Of course, with so much swapping this also massively slowed down the process, so the above command took a little over 13 minutes to complete on my system.
Here's the result of all that number crunching:
| package | items |
| --- | --- |
| smartmontools | 25.0 |
| psmisc | 25.0 |
| base-system | 26.0 |
| ntfs-3g | 26 |
| void-repo-multilib | 27 |
| xorg-minimal | 28.0 |
| lvm2 | 29 |
| unzip | 29 |
| base-devel | 30 |
| void-repo-nonfree | 31.0 |
| neofetch | 33.0 |
| lm_sensors | 35 |
| zip | 42 |
| xmirror | 42 |
| socklog-void | 48.0 |
So, what does that tell us?
I think there's a few interesting observations to be made here.
First, remember that we are looking at the _median_ number installations of packages over the _whole_ time period.
So, even if a package was slow to get going with a few days of only having a single user,
it shows up here.
Similarly, however, if a package had one or multiple periods of intense use but is more erratic in its overall usage pattern,
this will not be reflected here.
Second, we are looking at the _number of installations_,
so the daily report of who has this package installed on their system.
The most-installed package here is `socklog-void`, which makes sense as the main suggested package in the [documentation](https://docs.voidlinux.org/config/services/logging.html).
The high prevalence of `xmirror` is a little more surprising to me,
though it is, once again, the [suggested method](https://docs.voidlinux.org/xbps/repositories/mirrors/changing.html?highlight=xmirror#xmirror) of changing your installation's repository mirrors.
`zip` being ahead of both `base-system` and `base-devel` is somewhat amusing to me,
as is the latter also being ahead of the former.

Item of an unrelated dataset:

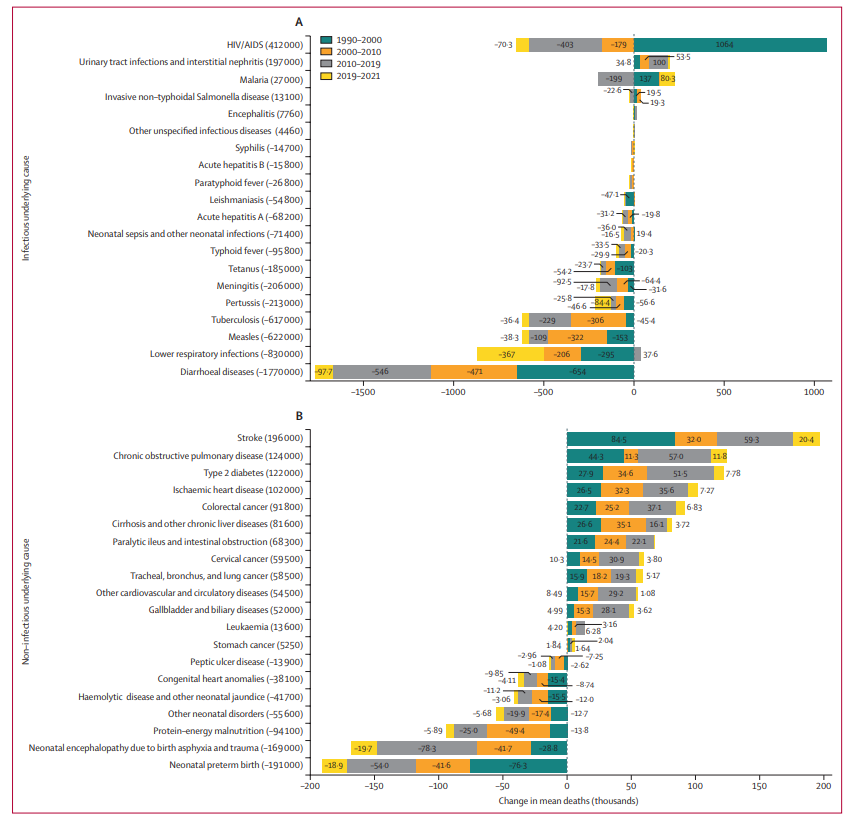 图:1990–2021年期间,与前20个主要感染性(A)和非感染性(B)基础病因共同发生的全球脓毒症相关死亡人数的变化

But overall I think this distribution of packages makes sense, as they all describe long-lived utility programs which _any_ user of a distro may find useful (as opposed to more focused programs such as design software like `gimp` or text editors like `neovim`).

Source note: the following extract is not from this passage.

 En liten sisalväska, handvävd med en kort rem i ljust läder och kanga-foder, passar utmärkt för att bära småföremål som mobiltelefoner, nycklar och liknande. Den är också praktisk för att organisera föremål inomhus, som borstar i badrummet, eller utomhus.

With one curious exception:
`neofetch` is on the 5th spot of packages,
which is a giant surprise to me.
Personally, I don't use a `fetch`-like program,
as I think it just adds clutter to the terminal.

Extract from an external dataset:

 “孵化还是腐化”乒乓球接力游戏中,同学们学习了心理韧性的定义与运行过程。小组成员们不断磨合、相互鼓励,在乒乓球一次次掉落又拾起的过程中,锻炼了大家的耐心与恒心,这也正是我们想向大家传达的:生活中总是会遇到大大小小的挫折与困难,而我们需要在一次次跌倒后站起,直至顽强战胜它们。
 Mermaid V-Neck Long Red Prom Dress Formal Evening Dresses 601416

But I am truly surprised at the amount of people having it installed.
I suppose it makes sense in the way of installing it once,
for a show-case or to check your system at a glance,
but then not uninstalling it since it is just so unobtrusive.
Nevertheless, this surprises me greatly.
## Conclusion
This was a fun first excursion into the package statistics of Void Linux.
As I said on the outset, I hope to have a more detailed article out at some point which looks at some of the changes over time a little more visually,
but this was a lot of fun.
And I think it also really shows the power ---
and the limitations ---
of `nushell`.
I could quickly switch between a multitude of data sources,
and my data cleaning and transformation tools remained the same.
The mental model behind operations is also much more akin to more data-oriented workflows and tools like `Python Pandas`, or `SQL` or even `R`,
which I think is a boon when first introducing the idea of using the shell to more data-oriented folks.
However, I also stumbled onto the edges of what is possible with the shell on my machine.
There may be approaches that make use of data streaming which I haven't discovered,
but running transformations on the giant data for packages nearly brought my machine to its knees,
and would still be much better accomplished with `Python Polars` for me currently.
In conclusion, use `nushell` for the right purposes:
the quick turn-around of exploring medium-sized datasets,
or taking a first look into parts of large datasets,
while always staying flexible and having the full power of an interactive shell at your fingertips.
Once you wrap your head around the more functional approach to how data streams through your pipelines (and I'm still in the process of doing so),
it just becomes plain _fun_ to explore all manner of datasets.